Consider two independent modules (hardware or software) that will synchronize in order to transfer a data item from one module to the other. We distinguish two different roles for each each module.

First, one module will be the initiator of the handshake, while the other will react in response to steps taken by the other module. We will call the former module a master, and the latter module a slave. The concept of master and slave occurs in many different situations that rely on synchronization, including bus protocols and communication protocols.
Second, the data will flow from one module to the other.

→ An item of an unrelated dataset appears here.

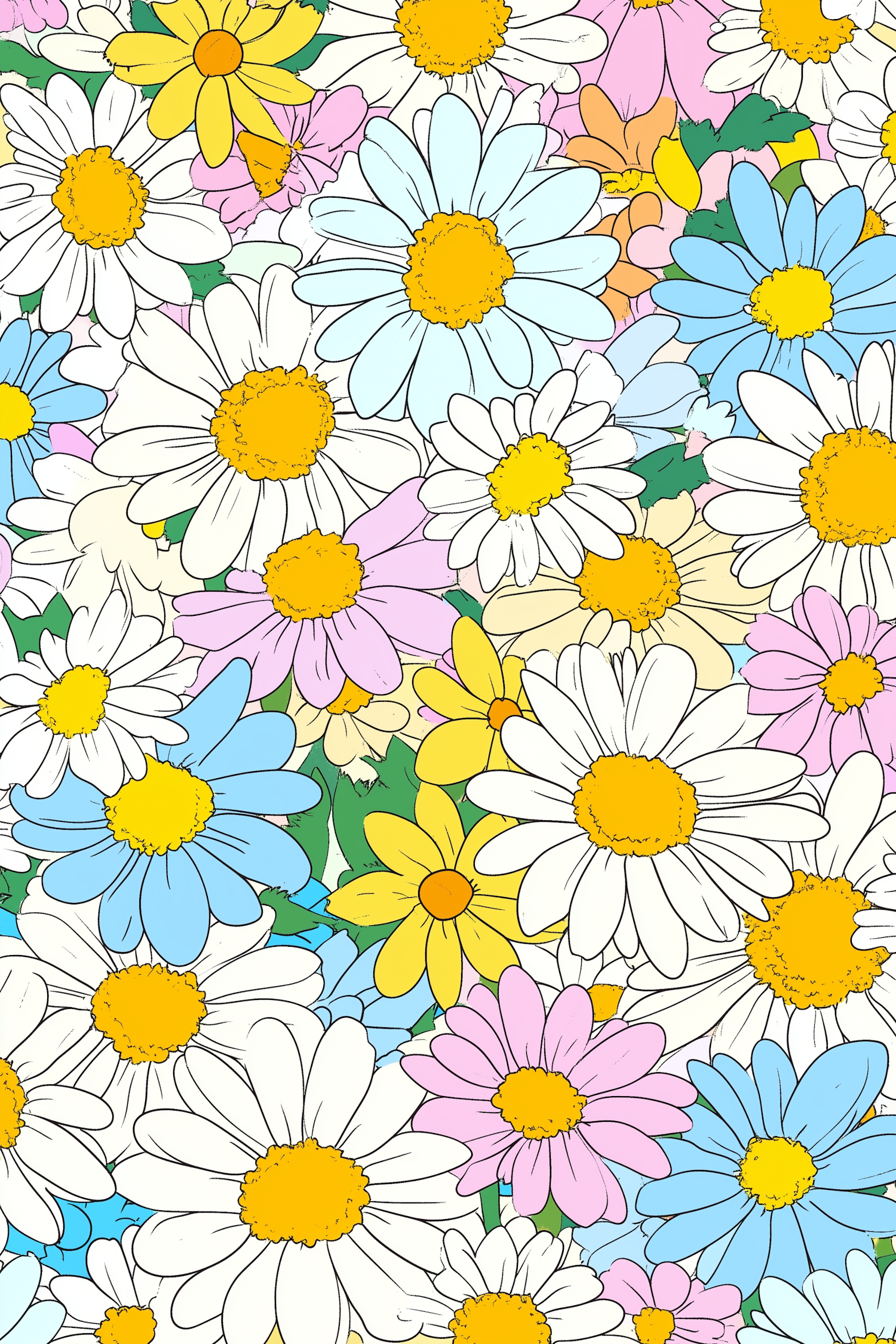 Colorful daisy illustration with vibrant petals in white, blue, pink, and yellow, creating a lively and cheerful floral pattern.
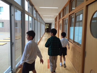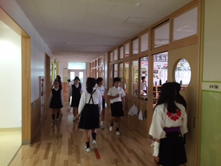 交流会の後、少人数に分かれて、観音寺小学校の児童にきれいな校内を案内してもらいながら、自己紹介や自由な話をして交流を深めました。

The make the terminology non-ambiguous, we will look at the direction of the data near the master. If the master sends data to a slave, we will call it a write operation. If the master receives data from the slave, we will call it a read operation.

With this terminology, we can now define two implementations for a handshake: a one-way handshake and a two-way handshake. These two cases have some resemblance to the single-sempahore and two-semaphore syncrhonization cases discussed earlier.

In the following, we will assume that the two modules to be synchronized both are implemented in hardware, and that both modules are driven by a common clock. Hence, we focus the discussion on synchronous implementations of the handshake protocol.

One-way handshake

Figure: One-way Handshake reqprotocol

A one-way handshake requires one control wire, called request, from the master module to the slave module. To transfer a data item, the master will assert the the control wire. The handshake only takes a single clock cycle to complete, since the slave has to grab or deliver data whenever request is high, and the next clock edge arrives. This protocol is reminiscent of the protocol used in the MSP-430 peripheral bus. The following figure illustrates the sequence of operations.

Two-way handshake

Figure: Two-way Handshake reqackprotocol

A two-way handhake requires two control wire, one called request and the other called acknowledge. The former wire runs from the master to the slave, while the latter runs from the slave to the master. It is common to reverse the roles for request and acknowledge at the slave side. Thus, the master request is connected to the slave acknowledge, and the slave request is connected to the master acknowledge. A synchronization point is defined as both contorl wires taking the same value. However, each of the master and the slave must follow the rules of the two-way handshake. The slave can assert the master acknowledge only after seeing a master request. The master can de-assert the master request only after receiving master acknowledge. We will assume that, in our synchronous implementation, asserting/deasserting a control wire takes at least one clock cycle. Therefore, it will take four clock cycles to run through the entire protocol. During these four clock cycles, we encounter two synchronization points: the first when both request and acknowledge are asserted, and the second when both request and acknowledge are de-asserted.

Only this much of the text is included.